« Interférence ». Entretien entre l’artiste et M. Johns - 2013.
Lorsque je rends visite à Yann Queffélec dans son atelier, il est occupé à photographier ses toiles en vue de la préparation de sa prochaine exposition.
Pour cela il découvre deux toiles de grand format qu’il a cachées depuis un certain temps derrière une autre toile plus grande encore. Il a cette habitude de « cacher ses toiles » dans l’atelier plus petit de sa maison, ceci afin de les protéger. Celles-ci, pourtant, il ne désirait plus les voir. Il s’agit de deux peintures abstraites, très sombres, où demeure encore un peu de toile nue. J’ai déjà vu quelques toiles abstraites de l’artiste dont on pense, mis à part quelques initiés curieux, qu’il ne peint que du figuratif. Mais de ceci, je parlerai plus tard.
Il m’a avoué il y a quelques mois, qu’il ne faisait guère de différence entre abstraction et figuration jusqu’à un certain stade de la toile peinte. Ces deux toiles sont différentes. Ces toiles sont disposées face à face et, et au moment où il retourne la première, j’ai pu lire une inscription sur le châssis : « interférence ».
Il porte la première au mur, l’y accroche et reste un long moment à la regarder. Puis il la décroche et dispose à sa place la seconde. Visiblement les deux toiles ont été faites simultanément. Je sais son plaisir depuis son installation dans ce nouvel atelier plus vaste, de pouvoir commencer plusieurs toiles simultanément : figuratives, abstraites, blanches, sombres, en délaisser certaines un moment puis y revenir. « Je ne comprends pas, me dit-il, ces deux toiles je pensais vraiment les détruire. Elles ne sont finalement pas si mal, celle-ci n’est pas terminée, mais l’autre oui. Il faudra peut-être que je les vernisse ». Je lui dis pour ma part qu’elles sont impressionnantes et lui demande s’il compte les exposer prochainement. Il ne sait pas. Quand je lui demande encore pourquoi ce titre « interférence » ? Il me regarde puis se détourne.

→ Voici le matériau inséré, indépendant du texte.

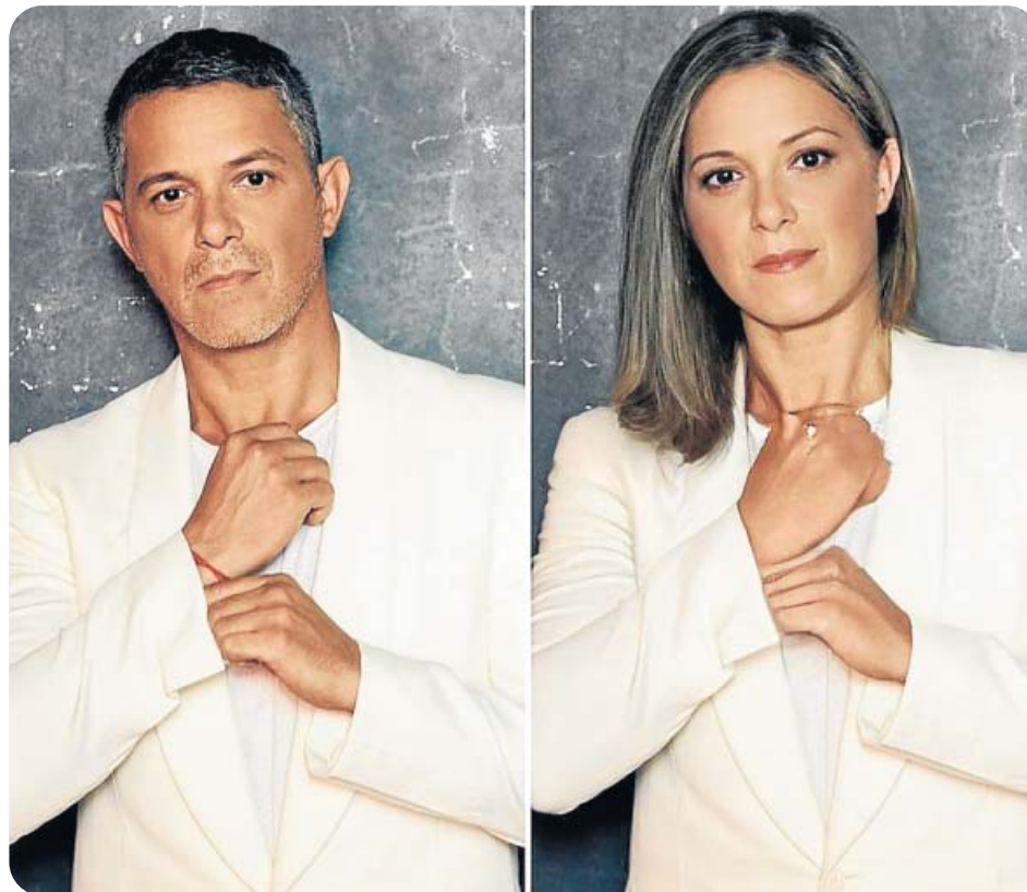
El cantante Alejandro Sanz se convierte en una mujer elegante al pasar por la aplicación.

«Es la clave de éxito de estos modelos de negocio: brindar algo supuestamente gratuito a cambio de datos. No lo inventó FaceApp: por ejemplo, desde hace tiempo Waze 'nos regala' un gran GPS a cambio de que 'solo' le digamos nuestra posición, que a la vez alimenta el sistema», comenta Minoli. En el caso de FaceApp, se mezclan miles de millones de imágenes
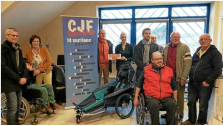
Les partenaires privés étaient présents vendredi, pour la réception du nouveau fauteuil hippocampe de la section handisport.

Inaugurée vendredi, en fin d'après-midi, dans les locaux de l'association, la nouvelle monture du Cercle Jules-Ferry (CJF) permettra aux enfants et adolescents porteurs de handicap moteur de participer à des courses jusque-là inaccessibles pour eux. « L'hippocampe ne nécessite qu'un bénévole qui pilote depuis l'arrière, contre quatre voire cinq ou six pour une joëlette que nous possédons déjà. Cela nous permettra d'avoir davantage de représentants handisports sur les courses de la région », expliquent les responsables du Cercle.
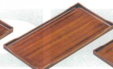
10-107-14 B-24-98 A|30cmカスター盆 桧刷毛目 ¥1,950 (31.1×16×1.9) 梱60
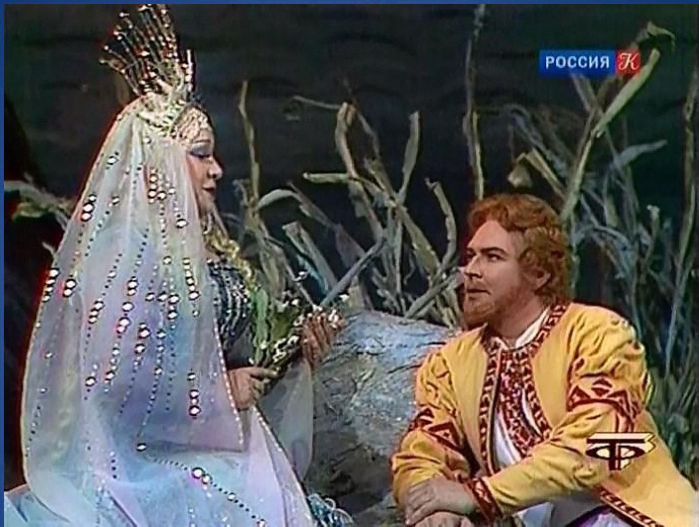
Царевна Волхова и Садко Сцена из оперы «Садко»
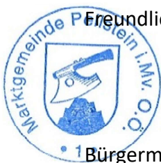
Bürgermeister Felix Grubich
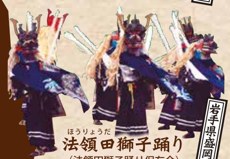
法領田獅子踊り (法領田獅子踊り保存会)
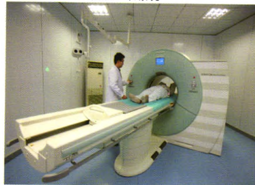
64排双源CT机架、扫描床及高压注射器

医院现拥有飞利浦1.5T双梯度超导核磁共振成像系统、西门子64排双源CT、西门子悬吊式平板旋转大型C臂（DSA）、瓦里安电子直线加速器、美国产BSD2000肿瘤热疗机等大型医疗设备。医院始终重视新技术、新项目的研发：1990年成功开展了首例体外循环下心内直视手术，1999年成功实施了首例心脏瓣膜置换手术，2001年开展了首例心脏介入手术，2002年成功开展了首例同种异体肾脏移植手术，2003年成功开展了首例同种异体肝脏移植手术。
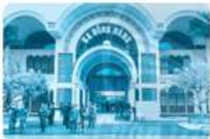
... a Đồng Đăng
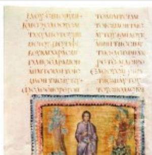
Явление Христа святым женам
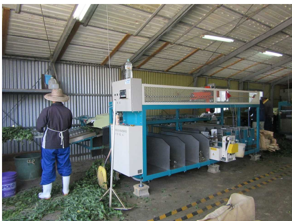
自動結束ロボット付き選花機の導入 (園芸産地機械整備事業)

Il m’avoue ensuite avoir déjà pensé que lorsque la question lui serait posée, il y répondrait par une question : « Comment dans une toile abstraite la vie arrive-t-elle à se glisser, voire à interférer de façon si soudaine ? De la façon la plus brutale qui soit ? L’histoire de ces toiles, ajoute-t-il, me fait penser à la peinture et aux propos de Sean Scully, peintre abstrait américano-irlandais. Je les ai trouvés étranges au moment ou je les ai entendus, ce parti pris notamment. Mais plus maintenant ».
Je me souviens d’une phrase de Sean Scully, disant « qu’il faut lier l’abstraction à sa vie de la même façon que Rothko est parvenu à le faire ». Dans ses échanges avec moi, Yann Queffélec m’a toujours fait part de sa réticence, voire de son dédain envers les artistes qui pensent devoir mettre leur vie, leurs émotions, et leur vision du monde dans leur peinture. « Quoi qu’il en soit, m’a-t-il dit, c’est la peinture qui décide, et notre vie, nos émotions finissent toujours par pénétrer la toile. On n’y peut rien. Même en faisant tout notre possible pour refuser cet état ». Sans doute est-ce la raison pour laquelle aujourd’hui il se demande s’il doit exposer ces toiles.
Les toiles abstraites ou figuratives de Yann Queffélec sont le résultat d’un travail très structuré, presque mécanique, obsessionnel. Nous y trouvons pourtant tous de l’émotion. Cela le gêne-t-il ? C’est possible, tout au moins, il s’en étonne. « Il y a des morceaux de crâne dans ces toiles, ajoute t-il, des morceaux de crâne que vous ne pouvez pas voir, et c’est la mort, la mort qui est entrée. Là. C’est pour cela que j’ai retourné les toiles, pour ne plus les voir, car tandis que je les peignais, un ami peintre est décédé, et, je ne sais pour quelle raison, j’ai cru un certain temps qu’il s’était donné la mort. Cela a été démenti par la suite, mais on ne sait jamais. Ses dernières peintures représentaient des crânes ».
Un long silence s’est installé entre nous, dans le vaste atelier. Puis il s’est retourné vers moi et a ajouté avec un sourire: « Aujourd’hui je crois que je ne vois plus la mort dans ces toiles, c’est cela qui a dû changer, enfin… je crois ».
« Enfin… je crois » est une formule que l’artiste utilise souvent. Elle est pour lui, je pense, comme une porte entrouverte, comme si ses pensées, ses croyances, ne devaient jamais être définitives, s’interdire le point final.